[Records for this task — start]

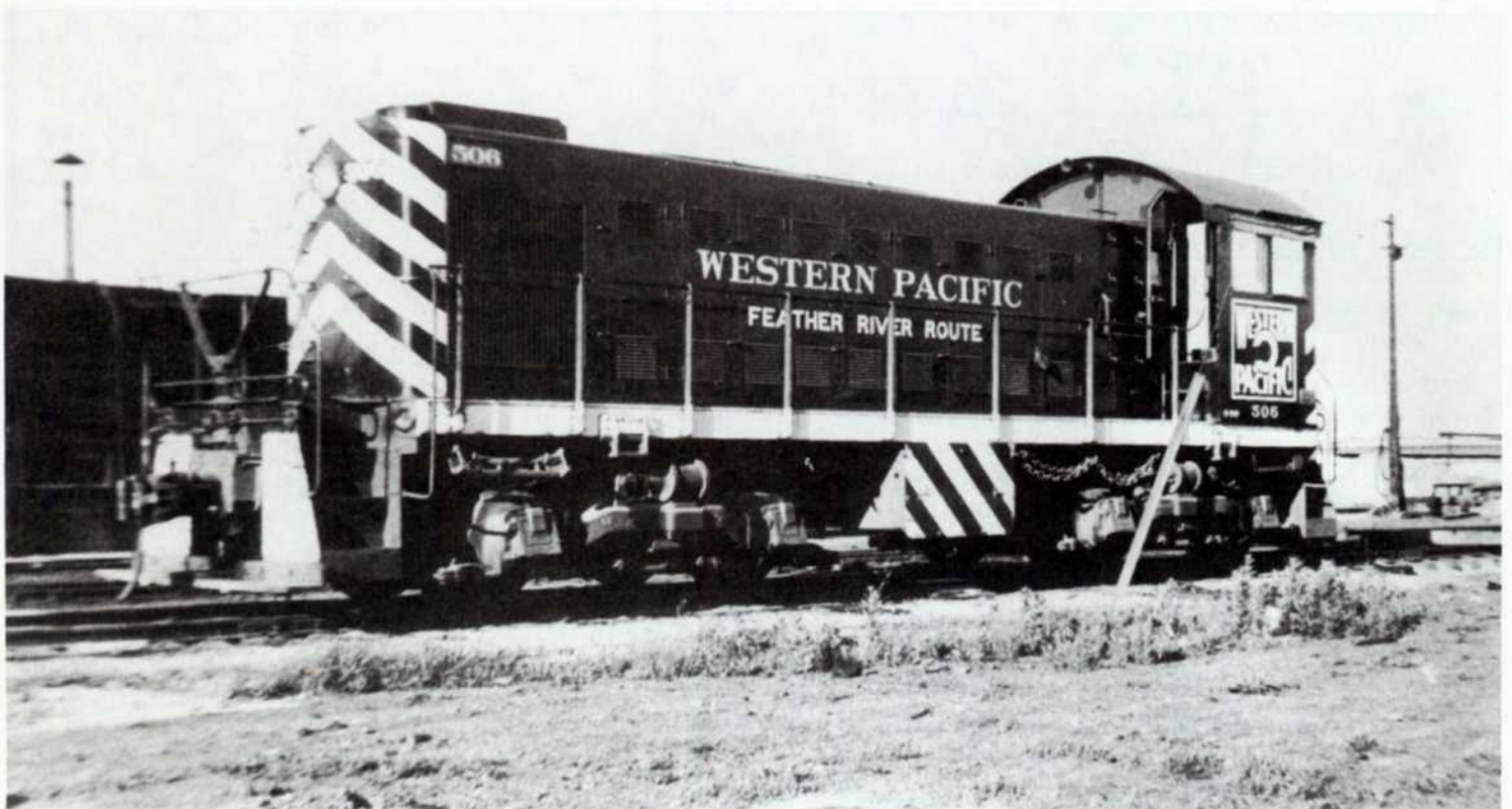
WP Alco S-1 No. 506 in Oakland, April 16th, 1944

Also: Railroad Days in '88 Operating Department News Feather River Short Line News
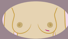
Skin changes like dimpling
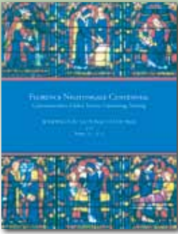
At left

She was by all accounts a woman of action – and one deeply frustrated and sometimes furious when action was not taken soon enough. No doubt love of God and love of man was the motivation for all her actions. Her mandate is seen in the roots of the Gospel Matthew 25. Perhaps her spiritual torment stemmed from her unwillingness to recognize ... “the simplicity of God’s love.”
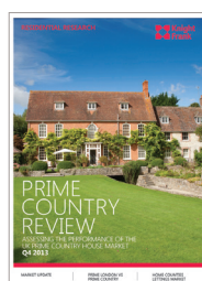
Prime Country Review Q4 2013
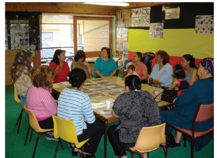
Capacity Building Workshop 7 March 2006
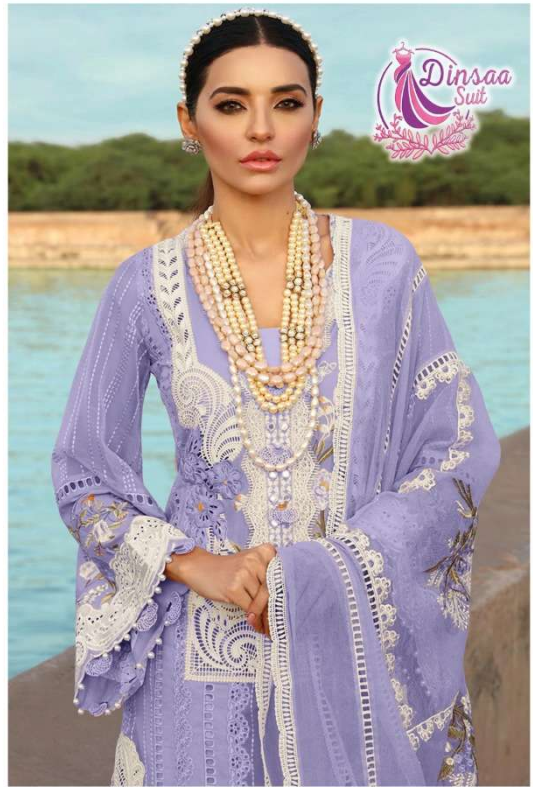
D.NO. 196 D

[Records for this task — finish]

Task to complete
Would you return all of the data above word for word, omitting every picture?

Solution for this problem
WP Alco S-1 No. 506 in Oakland, April 16th, 1944

Also: Railroad Days in '88 Operating Department News Feather River Short Line News
Skin changes like dimpling
At left

She was by all accounts a woman of action – and one deeply frustrated and sometimes furious when action was not taken soon enough. No doubt love of God and love of man was the motivation for all her actions. Her mandate is seen in the roots of the Gospel Matthew 25. Perhaps her spiritual torment stemmed from her unwillingness to recognize ... “the simplicity of God’s love.”
Prime Country Review Q4 2013
Capacity Building Workshop 7 March 2006
D.NO. 196 D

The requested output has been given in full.